БАЛКАНСКИЙ ДЕКАМЕРОН
       


       ЧАСТЬ 1


       
       Балканское счастье
       
       1.
       
       Все было пропитано зноем. Казалось, он шел от каждого булыжника на мостовой – ступи босой ногой и ошпаришься, – от раскаленных виноградных гроздьев, от неровного камня этих старых серых домов. Триста лет – эх, не добавить множественное число, «множину», – именно лет, не зим, палил их зной, и теперь здесь даже пахнет жарой.
       Мы оставили машину внизу, на въезде в Рисан, и медленно поднимались вверх по узкой улице, которая казалась еще уже, сдавленная с обеих сторон высокими домами.
       Он не был здесь прежде. Проезжал, конечно, Рисан тысячу раз, но никогда не забирался так далеко вглубь улиц, ведущих к горам, где еще каким-то чудом таилась старая Черногория.
       Я бы хотел здесь жить, – говорил он, озираясь по сторонам, – соберу денег и куплю здесь дом. И буду здесь жить! – повторил настойчиво, словно заранее со мной спорил.
       И что ты тут будешь делать? Купаться каждый день? Ты же «београджанин», столичная штучка. – Что значит «штучка»?
       Улица была пустынна, будто зноем выморило всех под черепичные крыши, на берег моря и еще Бог весть куда. Словно мы шли вдоль декораций забытого спектакля.
       В конце улице нас ждала Люба. Ее балахон, который обычно раздувается за ней, когда она несется по своей Галерее, висел недвижно, как парус в штиль.
       Люба, ничего, что я в таком виде? – я обвела руками вокруг себя. Словно и вправду стеснялась полотенца, обмотанного поверх купальника там, где бы должна быть юбка.
       Да мы все здесь такие! – отмахнулась Люба.
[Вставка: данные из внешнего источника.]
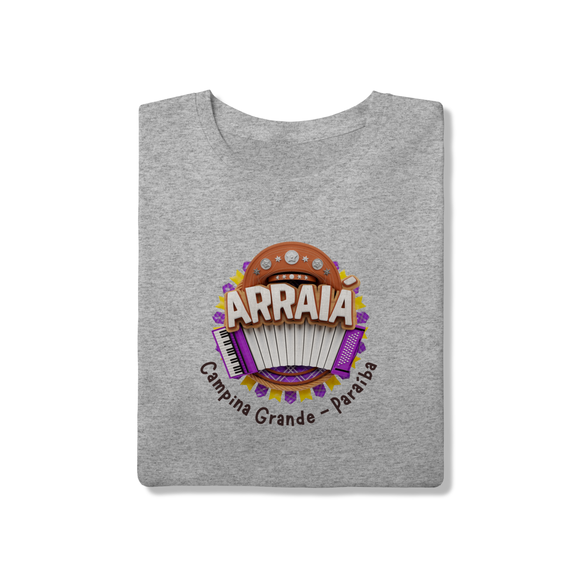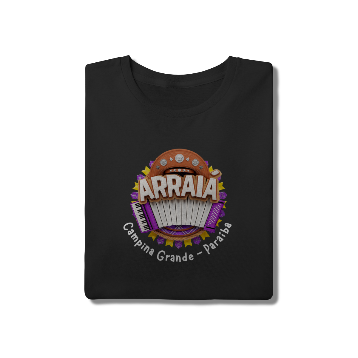 Esta camisa celebra Campina Grande, reconhecida nacionalmente como a capital do Maior São João do Mundo. A estampa traz a sanfona em destaque, símbolo do forró e da música nordestina, acompanhada de elementos típicos do arraial que remetem à alegria, às cores e à tradição das festas juninas que transformam a cidade todos os anos.
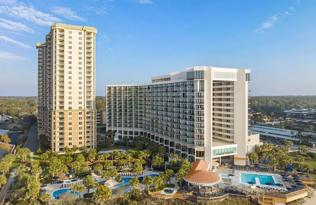 Hilton Myrtle Beach Resort boasts a sand-bottom pool, beachfront dining, and spacious accommodations. This 4-star Briarcliffe Acres hotel offers a range of amenities suited for families and leisure travelers.
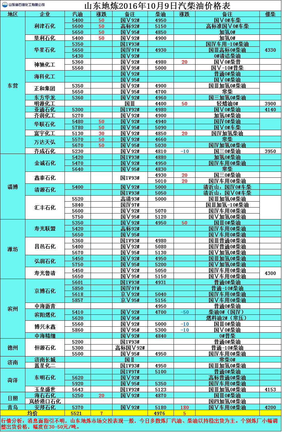 10月9日山東地煉汽柴油價格
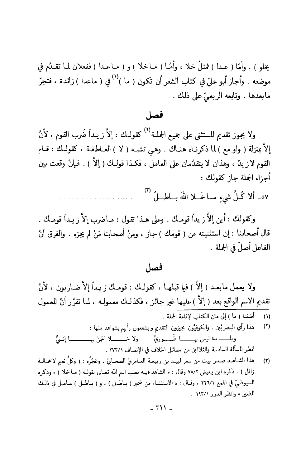 وَلَا يجوز تَقْدِيم الْمُسْتَثْنى على جَمِيع الْجُمْلَة كَقَوْلِك إلاَّ زيدا ضُرب الْقَوْم لأنَّ إلاَّ بِمَنْزِلَة (وَاو مَعَ) لما ذَكرْنَاهُ هُنَاكَ وَهِي تشبه (لَا) العاطفة كَقَوْلِك قَامَ الْقَوْم لَا زيدٌ وَهَذَانِ لايتقدَّمان على الْعَامِل فَكَذَا قَوْلك (إلاَّ) فإنْ وَقعت بَين أَجزَاء الْجُمْلَة جَازَ كَقَوْلِك 57 -
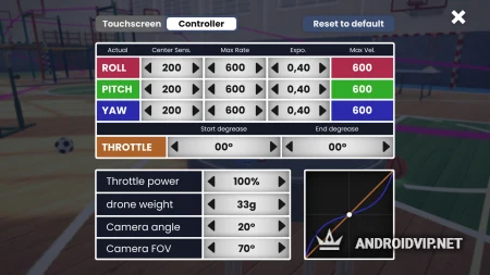 Для управления дроном есть несколько способов, к примеру вы сможете летать при помощи элементов управления на экране, или же подключить геймпады при помощи Bluetooth или кабеля. Также есть немало настроек по чувствительности, весу дрона, положении камеры и многое другое, что позволит попробовать различные условия.
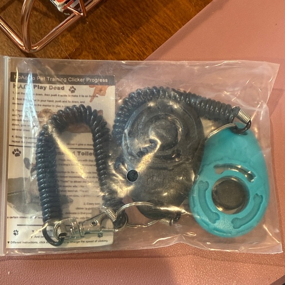 Pet training clicker with a blue button and black coiled strap. Ideal for effective pet training.
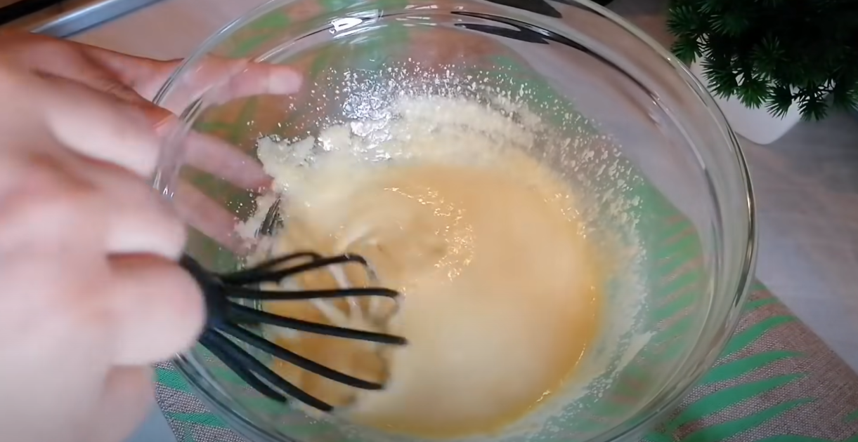 W dużej misce lub innym głębokim naczyniu wymieszaj cukier z 2 żółtkami.

       Иногда я думаю: вот видели бы меня мои московские друзья – меня, всю упакованную, только из салона, – в этих бесформенных майках без рукавов, с вечно мокрыми волосами и брызгами на загорелых плечах.
       Да и мой спутник выглядел вовсе не так, как те мужчины, которые шли рядом со мной в Москве, – в костюмах, с отглаженными воротничками и при итальянских галстуках. Здешняя униформа – майка и шорты, – причем они совсем недалеко оторвались от того предмета туалета, который в советское время назывался «семейные трусы».
       Майку он надевает только для эфира.
       Любин дом – огромный, многоступенчатый, с садом, внутренним двориком, террасой, которая почему-то выходит во двор и парит над сухой травой как капитанский мостик. Спальни с деревянными кроватями на третьем этаже, где живут художники, и Галереей внизу, – Любин дом и есть корабль, который сейчас нас понесет по волнам – Бог весть куда.
       Что в этом доме было раньше, никто не знал и не помнил. На одной из дверей Люба нашла табличку «П?кара», да так и оставила. На потолке виднелись голубые полосы старинных фресок, а за низкой дверцей открывался подвал с огромной римской ванной.
       Здесь я устрою спа! – сказала Люба.
       Спа на двоих, – заметила я, а глазомер меня никогда не подводил.
       Мы переходим из комнаты в комнату: картины, старинный умывальник, выложенный кафельной плиткой, похожий на доильник, и старая плита, на которой стоят два десятка пыльных бутылок со смазанными этикетками.
       Он открывает одну из них, и чуть заметный аромат апельсина тает между нами.
       Мы вышли в сад. О, эта прелесть запущенного сада! Блики солнца на теплой траве, и небо сквозь сплетенье виноградных листьев.
       А как ты думаешь, что было здесь? – Люба пытается открыть окно в маленькой пристройке у стены сада.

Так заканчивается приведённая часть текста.